The most important feature of these three is that we maintained the shape of the input (H and W). This means that when the decoder layers are applied, we can return the image to the same shape as the input, which allows us to make predictions on a pixel by pixel basis.

The decoder layers are balanced against the encoder layer to return the output to the same shape as the input image. To accomplish this, transposed convolutions are used to essentially work like the encoder layers, except in reverse. Just like a forward convolutional layer, we can adjust the padding, stride, and kernel size to change the dimensionality of the input data. I chose a simple way of making sure that the data I ended up with was the same shape as the input image by mirroring the encoder layers with corresponding decoder layers. One problem with decoder layers, however, is that the information can essentially be blurred since the data is being upscaled at each step (e.g. projecting a 2x2 image to a 5x5 image by combining weighted sums from each kernel position). As mentioned above, the skip connections help to prevent the output data from being too blurred by combining the upsampled input data with higher resolution data from previous layers. I've illustrated this below by progressively downsampling the udacity logo by 50%, then upsampling it back to the original resolution. As expected, some detail is lost as the upsampling operation requires interpolating from incomplete information.

Pixelation from Interpolation

4. Tuning Hyperparameters

The model has the following hyperparameters:

  1. Batch Size: This defines the number of training images that are propagated through the model during a single epoch step.
  2. Number of Epochs: This defines how many full training iterations are used to train the model weights. During each epoch, training data is propagated through the network. At the start of each epoch, the weights are initialized with the output of the previous epoch.
  3. Learning Rate: This defines the step size used when modifying each weight using the gradient descent optimizer. Note that in some of the optimizers (e.g. Nadam), this rate changes over time according to optimizer settings.
  4. Steps per Epoch: This defines the number of image batches that are used in each training epoch to train the model. In order to use all of the available training images, this number should approximately equal (number of training images)/(batch size).
  5. Validation Steps: This defines the number of image batches that are used in each validation epoch to train the model. In order to use all of the available training images, this number should approximately equal (number of training images)/(batch size).
  6. Optimizer: There are a number of optimizers available to perform gradient descent optimization on the model weights. This hyperparameter controls which on is use to train the model.
  7. Number of Workers: This controls the number of threads that can be created by tensorflow/keras to train the model. This isn't really a hyper parameter for the training itself since it shouldn't affect the results, but it does affect how quickly the training is completed.

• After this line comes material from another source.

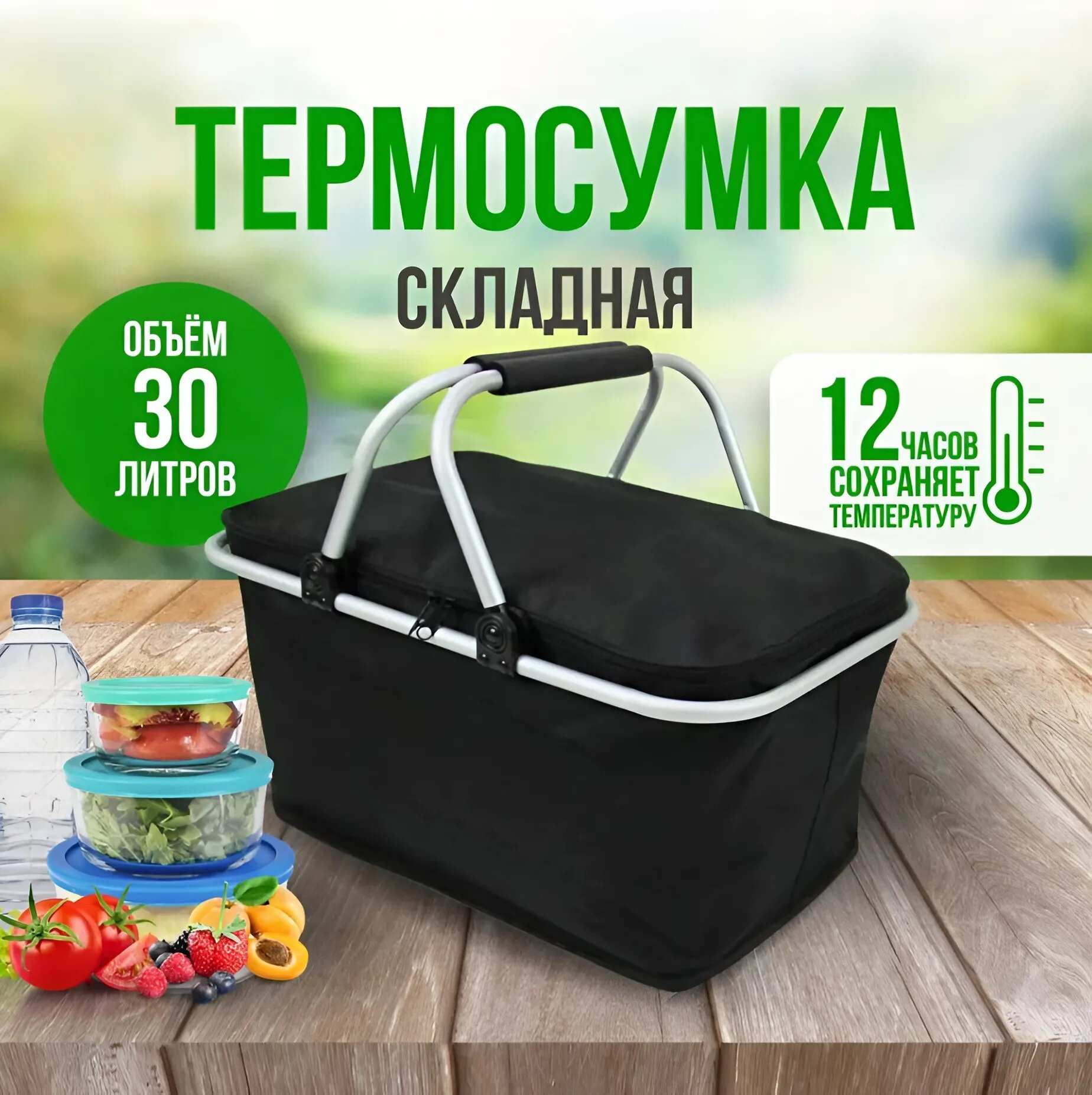 Купить Термосумка холодильник складная для активного отдыха 30 литров, цвет черный с доставкой по всей России.

Although the default optimizer, Adam, worked fine, I looked into alternatives and found that Nadam gave me slightly better results. Nadam is similar to Adam, except that it uses Nesterov momentum. I found this article helpful in developing my understanding of the differences between the available optimization algorithms and why Nadam might be a good choice. Both Nadam and Adam move in the direction of the gradient at the current position, but the direction of descent is augmented by taking into account the previous descent directions. This serves to apply a sort of time constant to the descent direction such that the algorithm continues along a smoother path even if local gradient changes are fairly noisy. Nesterov momentum, however, improves upon this method by not only using previous descent directions to add momentum to the optimizer but also using an estimate of the gradient at the future position to modulate how far along this descent direction it moves. In essence, if it sees that it will be approaching a hill ahead, it slows itself down to avoid ascending up the hill. For similar parameters, I achieved better results with Nadam than Adam (parameters set per recommendations from Keras documentation).

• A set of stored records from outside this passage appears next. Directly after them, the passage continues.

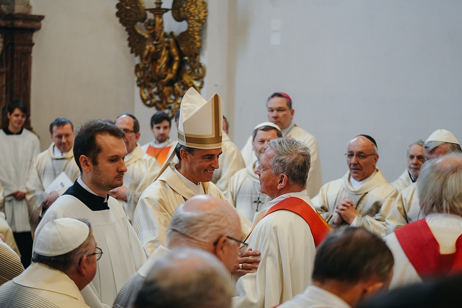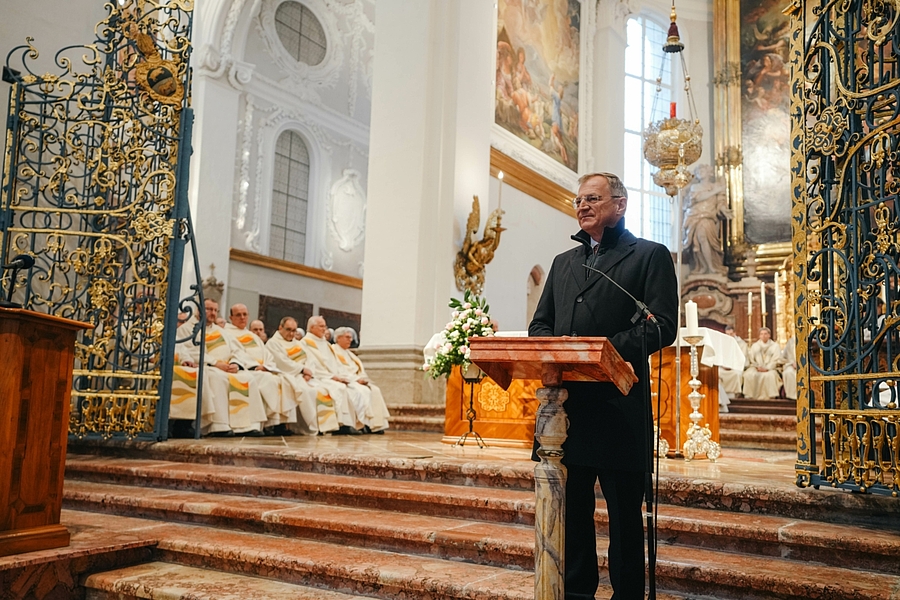 Am Ende des Gottesdienstes sprachen Benediktiner-Abtprimas Jeremias Schröder, Landeshauptmann Thomas Stelzer und der evangelische Superintendent Gerold Lehner ein Grußwort.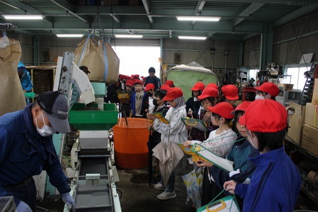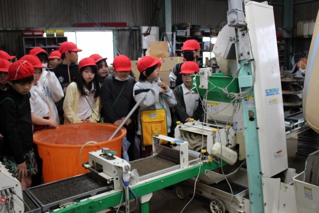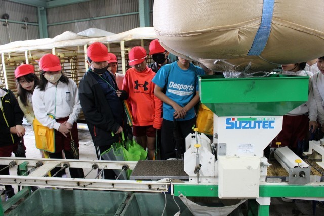 総合の時間には、種まきの様子を見せていただきました。もみがまかれていく工程や1シートでどのくらいの米が収穫できるかなど、教えていただきました。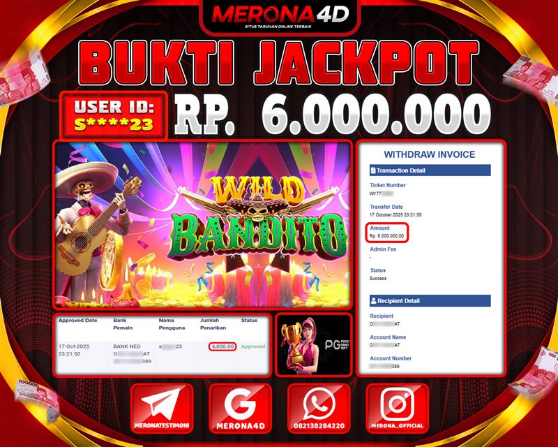 Selamat Kepada Member MERONA4D S*****23 Telah Jackpot Di WILD BANDITO

I ran a series of tests to determine which hyperparameters would be most successful. Note that these tests were performed with different datasets. All runs labeled 'default' were run with the Udacity-provided dataset. After seeing the performance of these runs, I chose to gather more training/validation images of a few scenarios: hero in a dense crowd, far away from the hero, and no hero with and without a dense crowd. I saw marginal improvements with the expanded datasets, but not nearly as much as I expected.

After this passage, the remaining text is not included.